I question myself all the time, did I not move fast enough for him. Did he just settle for Eric because he wanted a relationship and I wasn’t moving fast enough for him to get there. Did he have self doubts about “Is Chris too goood for me”; “Will chris just dump me for the next best thing”. Cause I can tell you that’s not who I am. That’s not what I was looking for. I remember early on in our “dating” that he asked me when my last date was. It was the day before, I had taken Mark sailing. I told him, because of course I am honest. But that was the last date I ever went on when I was dating Charles. I saw in his eyes that it hurt him to hear that. So I stopped going on dates.

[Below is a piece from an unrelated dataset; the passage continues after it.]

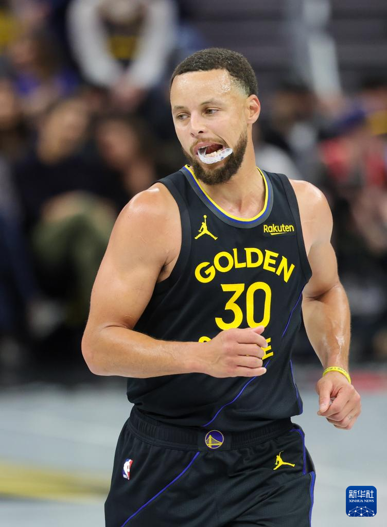 11月26日,勇士队球员库里(左)在比赛中投篮。
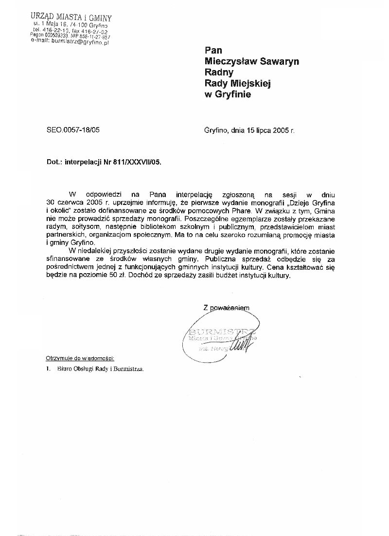 811/XXXVII/05 - ile kosztuje jeden egzemplarz monografii "Dzieje Gryfina i Okolic". Chcę zapłacić za egzemplarz, który otrzymałem. Uważam, że darowanie książki dla każdego radnego jest niestosowne, gdyż każdy obywatel Gryfina chcąc mieć taką książkę będzie musiał kupić ją sobie. Osobiście nie chcę być traktowany inaczej niż pozostali obywatele naszego miasta.

I didn’t want to hurt him at all.

That weekend in Fort Bragg, I wanted to ask him to be my boyfriend. It had been one month of us hanging out, of us seeing each other nearly every day. But I didn’t want to move “too fast”. Is one month too fast? I honestly have no idea.

I should have seen it all though. I should have stepped back. There were multiple red flags. At the wedding, he texted me ‘I wish you were here’. But then he invite Eric instead. He went to that comedy show, had an extra ticket. He invited Eric instead. He was planning a halloween party at his house, he invited Eric instead. Him and Eric were already planning a road trip together for Thanksgiving. Eric was always #1 from the first day I met him. I should have seen it. I should have never gotten as close as I did to Charles.

But yet, I still just want him to call me. I want to see his face pop up on my phone, hear his voice, smell his body, see his smile again. I wake up and the first thing I think it “Maybe he messaged me something overnight”. I look at my phone and I’m disappointed every day. I know he will never text me. I know he will never again reach out. I told him I needed space. He’s going to give me space. But I want to just fight for him. But that looks desperate.

I wish him the best life. I want him to be happy. But I also just want my happy ending. I want to be the one that ends up with the guy at the end of the movie. But instead, I’m in the never ending movie of just getting dumped and let down.

It makes me go back to people like Glenn, again did I just not move fast enough. We were going well before Christmas. I left, I come back and suddenly he’s dating someone else. They are still together. Same with Ranie and who knows who else.

I watched this YouTube the other day about this couple that had just completed a 4 year circumnavigation of the globe. They were doing a Q&A and one of the questions was “What’s the best thing about sailing around the globe” and their reply was “The amount of time you get to spend with your partner alone”. That’s so fucking cute. That after 4 years living together on a tiny boat. Spending 20 or 30 days at a time on the open sea with just the two of them, they still love each other and care about each other so much that the best thing about it was the TIME they got together. I just want to find that guy. That guy that wants to spend that much time with me.

I was excited about Charles because he was wanting to spend so much time with me. He even sent me his schedule that week and I said “wow this is a great schedule” an he said: “I have to consider you now”. That’s so fucking sweet. He MADE his work schedule purposely so that he could have more time to spend with me. And then suddenly it was all over.